7.8 C
New York
Friday, April 19, 2024

Rupiah Melemah, Rp14.933 per Dolar AS

Jakarta / Mistar
Nilai tukar (kurs) rupiah yang ditransaksikan antarbank di Jakarta, Selasa (11/4/23) pagi, turun 31 poin atau 0,20 persen ke posisi Rp14.933 per dolar AS dibandingkan posisi pada penutupan perdagangan hari sebelumnya Rp14.902 per dolar AS.

Rupiah melemah tipis melawan dolar AS pada pembukaan perdagangan. Awal pekan kemarin rupiah mampu melanjutkan penguatan setelah sebelumnya melesat empat pekan beruntun.

Melansir Data Refinitiv, rupiah membuka perdagangan di Rp14.920/US$, melemah 0,14% di pasar spot.

Kemarin Bank Indonesia (BI) melaporkan melaporkan cadangan devisa per akhir Maret 2023 adalah sebesar US$ 145,2 miliar, naik US$ 4,9 miliar dari Februari.

Baca Juga:Rupiah Melemah di Tengah Aksi Ambil Untung

Setelah mengalami tren penurunan yang panjang, cadangan devisa akhirnya mampu naik lima bulan beruntun.

Selama periode tersebut, Cadev sudah melesat US$ 15 miliar, dan mendekati rekor tertinggi sepanjang masa US$ 146,9 miliar yang dicapai pada September 2021.

Posisi cadangan devisa saat ini berada di level tertinggi sejak Desember 2021.

Meski demikian, data tersebut belum memberikan dampak yang besar, sebab kenaikannya terjadi karena penarikan pinjaman pemerintah.

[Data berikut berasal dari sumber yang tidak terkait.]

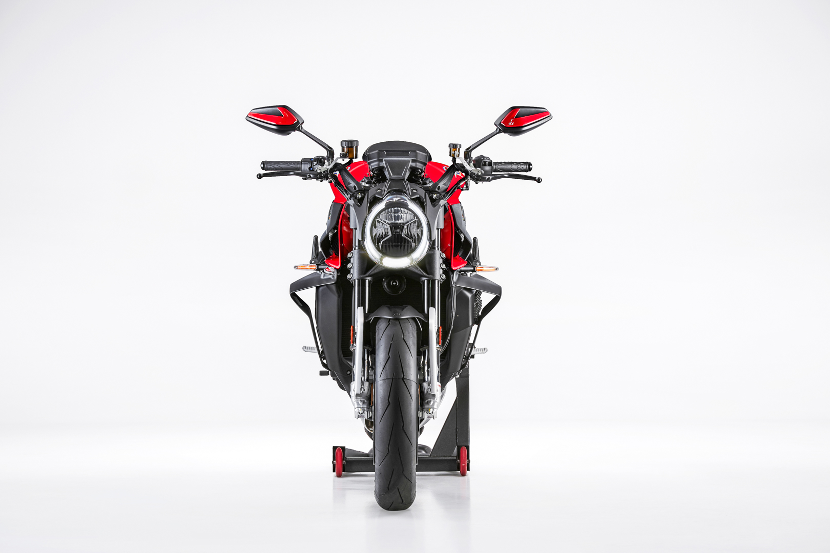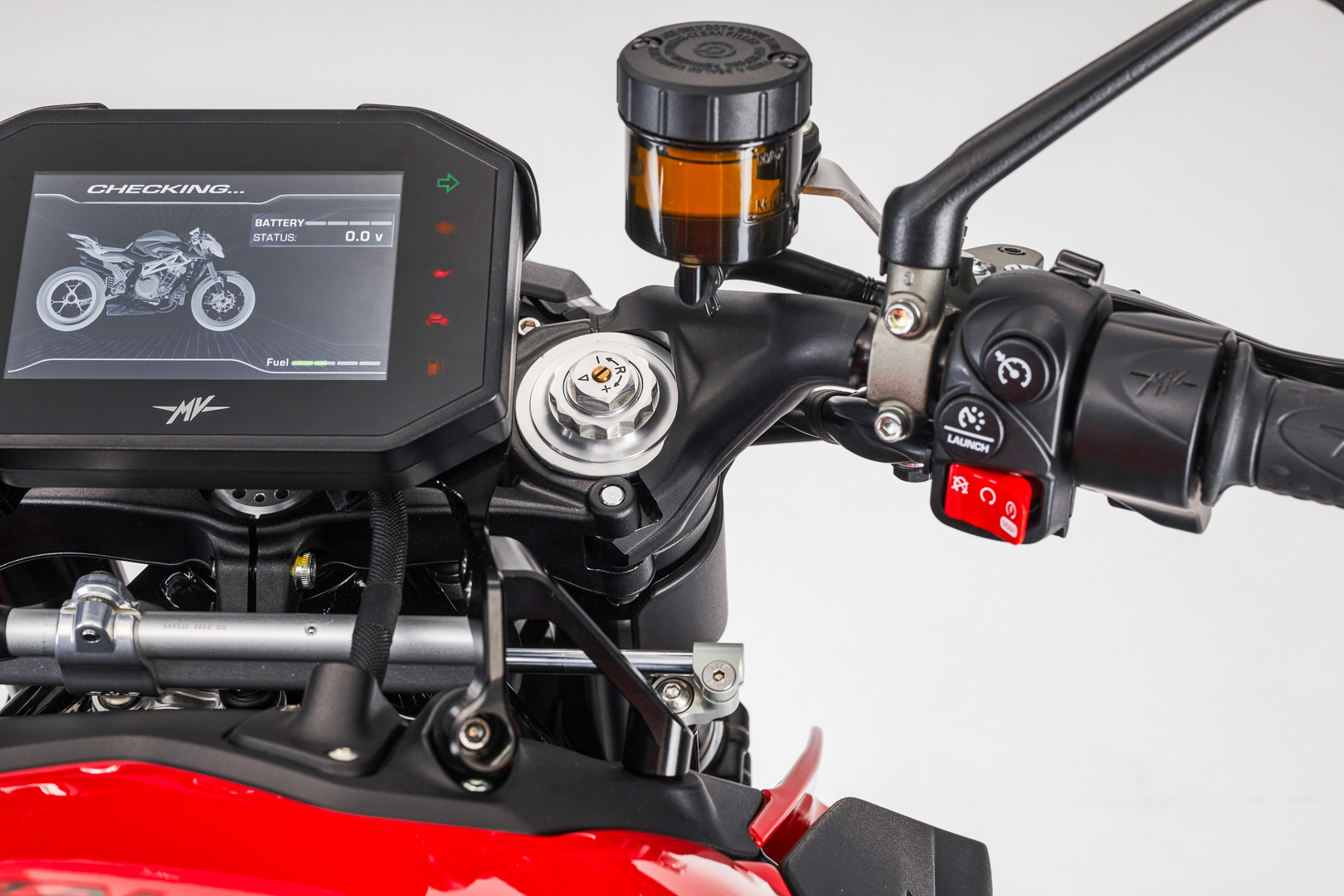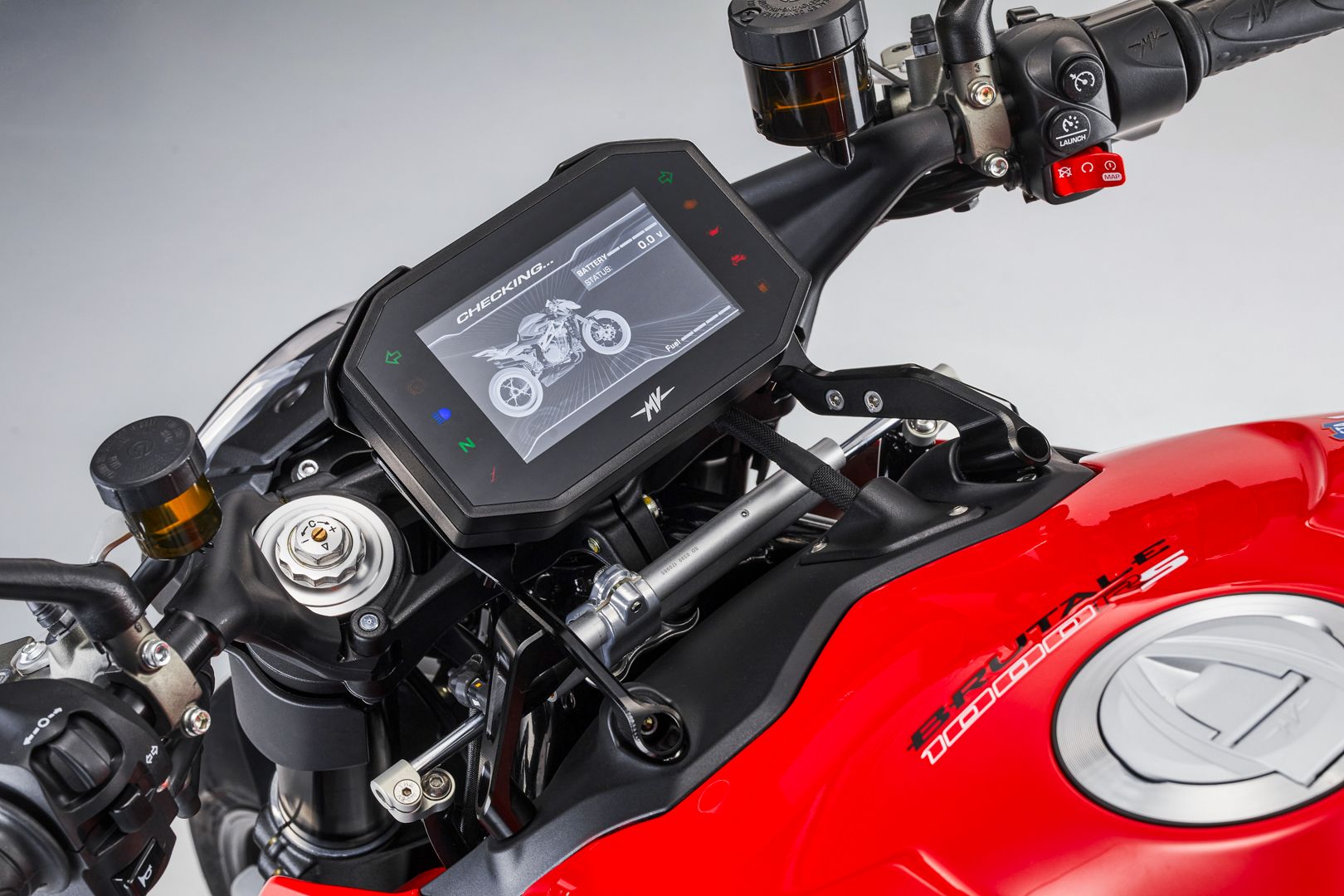 This means an extremely precise and effective management of all controls. Thanks to this platform, the FLC (Front Lift Control) traction and wheelie controls protect the safety of the rider, while the system remains “performance-oriented”, offering maximum acceleration in the specific conditions of use. The FLC, in particular, takes the wheelie under control instead of entirely preventing it, with the added benefit to improve performance and riding pleasure. The new cornering ABS uses the MK100 Continental system, ensuring the best braking control even when cornering, and preventing low side crash. The 5.5” TFT panel, extremely complete and able to communicate with the MV Ride App, allows to set all the bike parameters directly from the smartphone; it also offers many exclusive features, such as the recording and sharing of route itinerary. Thanks to the mirroring function, it is possible to use the RS instrumentation with turn-by-turn navigation. Each function is easily accessible through the joystick positioned on the left block. Moreover, the TPMS tyre pressure monitoring sensor is available as an option.

Baca Juga:Rupiah dan IHSG Kompak Menguat

“Peningkatan posisi cadangan devisa pada Maret 2023 antara lain dipengaruhi oleh penerimaan pajak dan penarikan pinjaman luar negeri pemerintah,” tulis BI dalam keterangan resminya, Senin (10/4/23).

Sementara, untuk operasi moneter Term Deposit Valuta Asing Devisa Hasil Ekspor (TD Valas DHE) yang dikeluarkan BI sejak 1 Maret lalu masih belum memberikan dampak yang signifikan terhadap cadangan devisa.

Pelaku pasar saat ini menanti rilis data inflasi berdasarkan consumer price index (CPI) Amerika Serikat yang bisa menentukan kebijakan moneter The Fed.

Baca Juga:Hari Ini, Rupiah Bergerak Naik

Data tersebut akan dirilis pada, Rabu (12/4/23) nanti, berdasarkan survei Reuters CPI diprediksi tumbuh 5,2% year-on-year (yoy) pada Maret, turun dari bulan sebelumnya 6% (yoy).

Namun, yang menjadi masalah, CPI inti diprediksi tumbuh 5,6% (yoy) lebih tinggi dari sebelumnya 5,5% (yoy).

CPI inti tidak memasukkan sektor energi dan makanan dalam perhitungan, artinya inflasi di sektor yang tidak volatil sulit turun.

Baca Juga:Nilai Tukar Rupiah Lemah Pagi Ini

Dengan demikian, ada risiko The Fed akan kembali agresif menaikkan suku bunganya, apalagi pasar tenaga kerja masih kuat dan inflasi berdasarkan personal consumption expenditure (PCE) juga sulit turun.

Tetapi di sisi lain, setelah kolapsnya Silicon Valley Bank (SVB) kesehatan perekonomian AS mulai diragukan.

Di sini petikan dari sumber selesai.